**WORK INSTRUCTION:** Please set down each entry exactly, omitting any picture it holds.

[Dataset items]
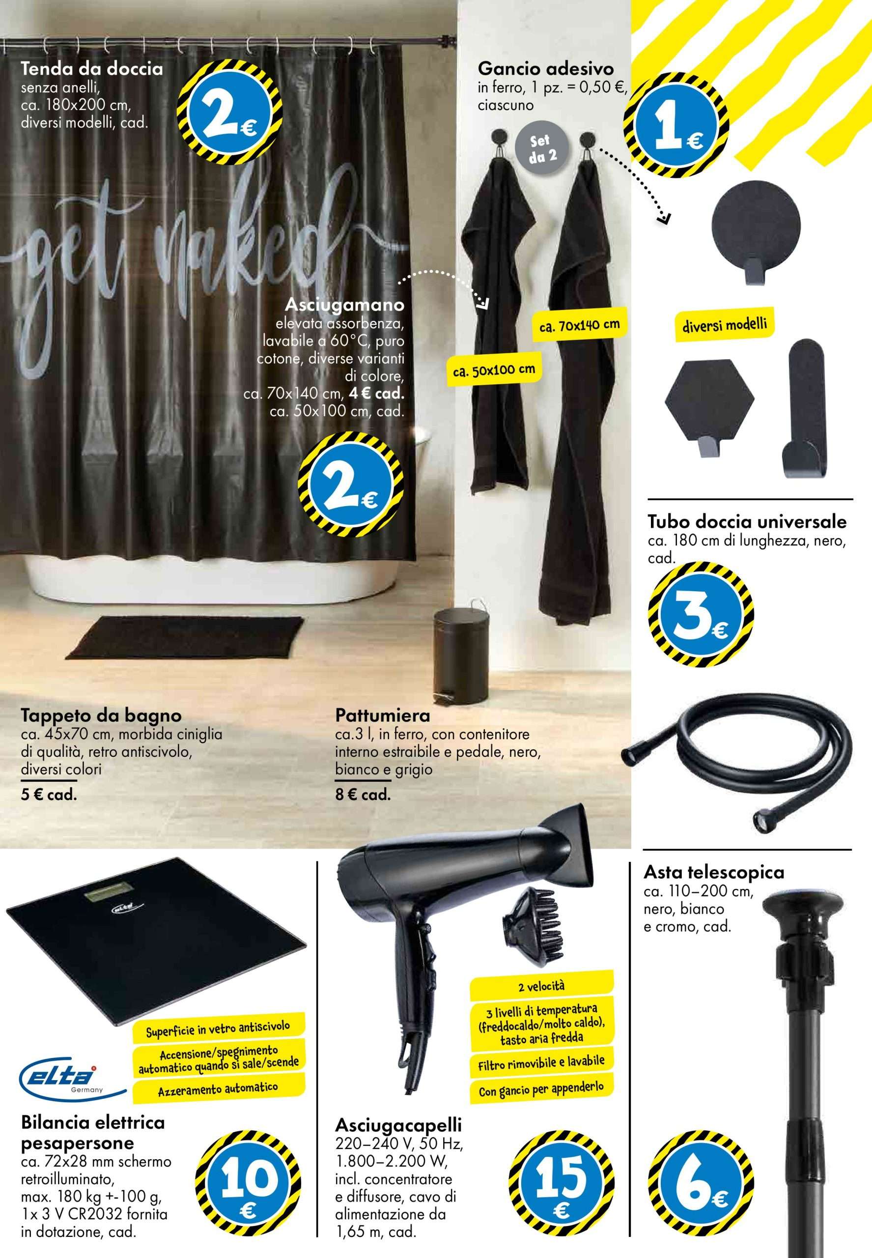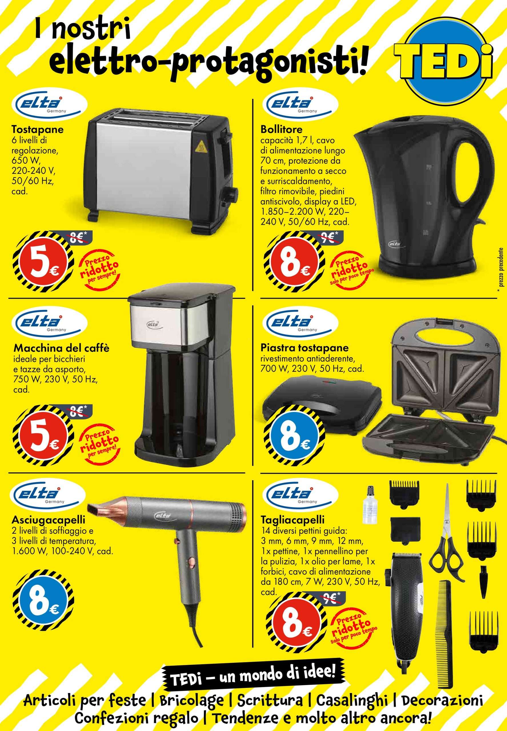 Da segnalare anche l’asciugacapelli da 1.600 W con 3 livelli di temperatura al prezzo di 8 euro e il tagliacapelli completo di 14 pettini guida, forbici e accessori, disponibile a sempre a 8 euro. Per chi desidera rinnovare il bagno, il volantino TEDi propone la tenda doccia a 2 euro, gli asciugamani in puro cotone da 2 a 4 euro e i ganci adesivi in ferro in confezione da due pezzi a 1 euro.
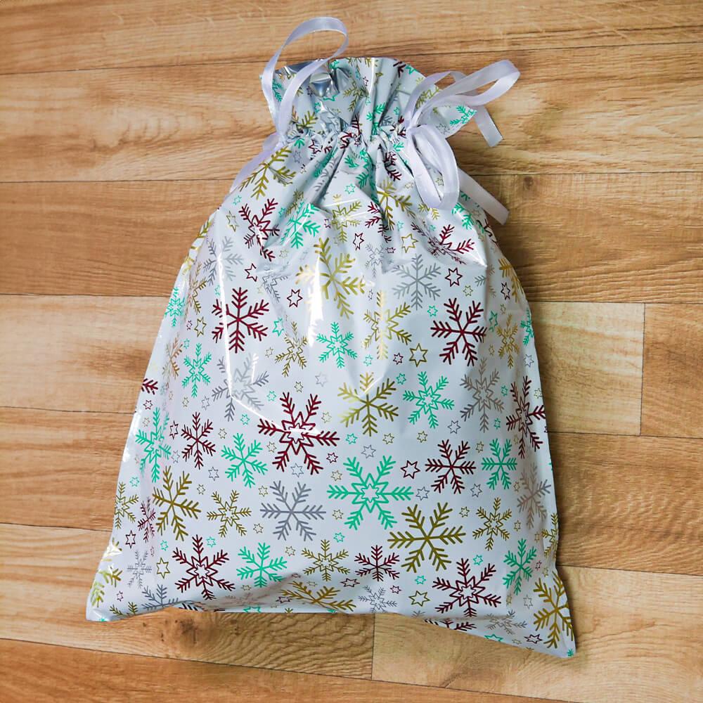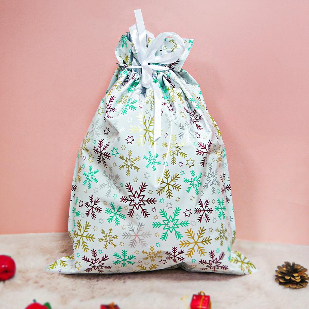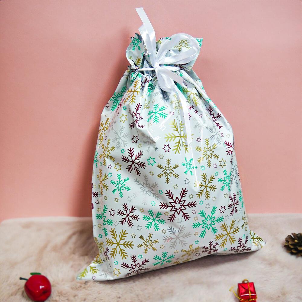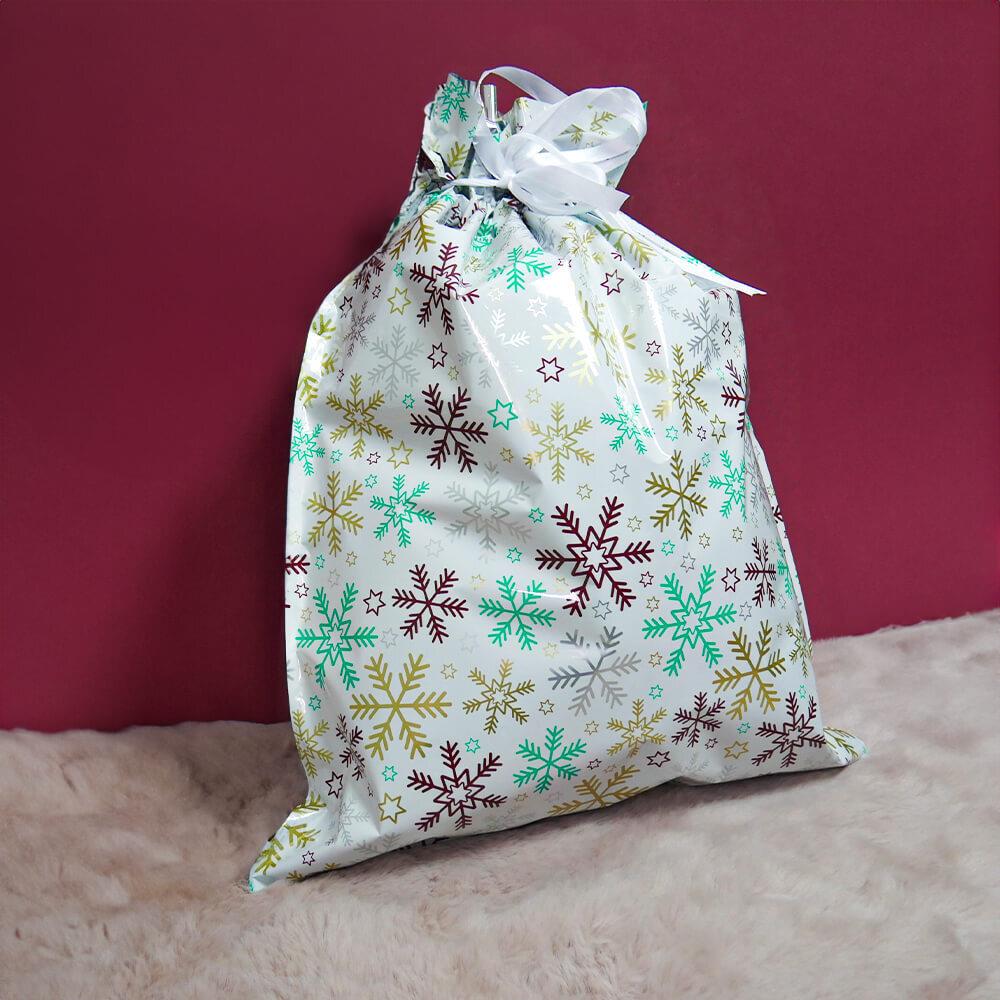 Obrázek z Vánoční dárkový balicí sáček se šňůrkou - 51x39 cm - sněhové vločky
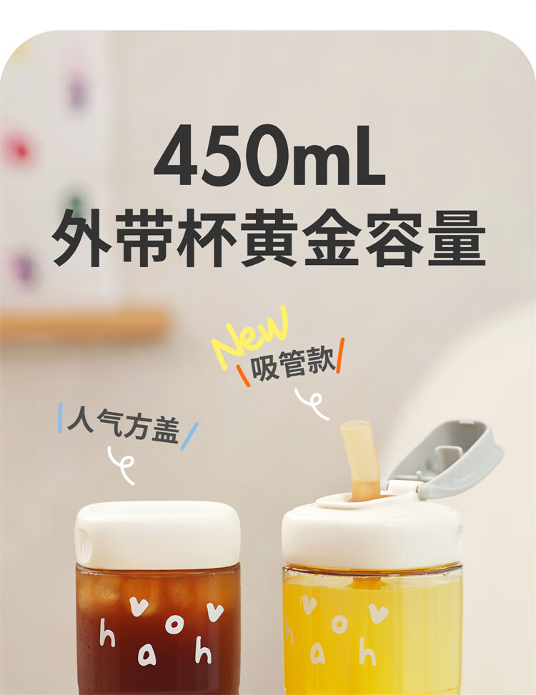 Good classmate PPSU coffee cup, good-looking water cup, high temperature resistant cup for female students, summer anti-fall straw, portable cup for children, flat lid for direct drinking 450ml
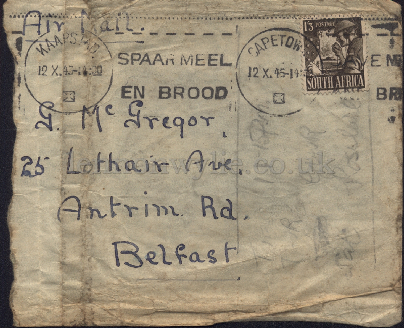 4) 12th October 1945 Postmarks Kaapstad/Capetown to G. McGregor, 25 Lothair
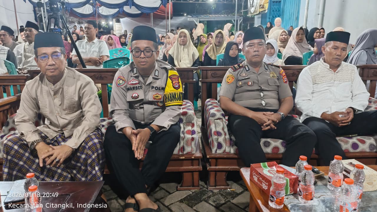 Kegiatan ini berlangsung dalam acara Peringatan Isro Miraj, dihadiri Camat Citangkil, Plt Lurah Samangraya, dan tokoh masyarakat. IPTU Ali Asron memberikan himbauan terkait harkamtibmas, ITE, pencegahan narkoba, dan layanan 110. Situasi aman dan tertib.
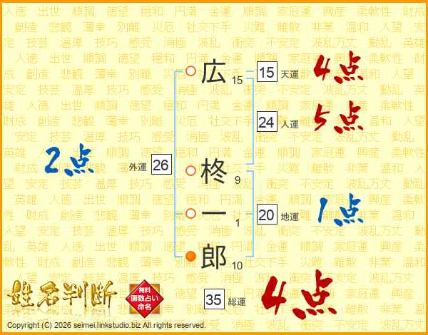 広柊一郎さんの総運は35画の4点!

**TASK RESULT:**
 Da segnalare anche l’asciugacapelli da 1.600 W con 3 livelli di temperatura al prezzo di 8 euro e il tagliacapelli completo di 14 pettini guida, forbici e accessori, disponibile a sempre a 8 euro. Per chi desidera rinnovare il bagno, il volantino TEDi propone la tenda doccia a 2 euro, gli asciugamani in puro cotone da 2 a 4 euro e i ganci adesivi in ferro in confezione da due pezzi a 1 euro.
 Obrázek z Vánoční dárkový balicí sáček se šňůrkou - 51x39 cm - sněhové vločky
 Good classmate PPSU coffee cup, good-looking water cup, high temperature resistant cup for female students, summer anti-fall straw, portable cup for children, flat lid for direct drinking 450ml
 4) 12th October 1945 Postmarks Kaapstad/Capetown to G. McGregor, 25 Lothair
 Kegiatan ini berlangsung dalam acara Peringatan Isro Miraj, dihadiri Camat Citangkil, Plt Lurah Samangraya, dan tokoh masyarakat. IPTU Ali Asron memberikan himbauan terkait harkamtibmas, ITE, pencegahan narkoba, dan layanan 110. Situasi aman dan tertib.
 広柊一郎さんの総運は35画の4点!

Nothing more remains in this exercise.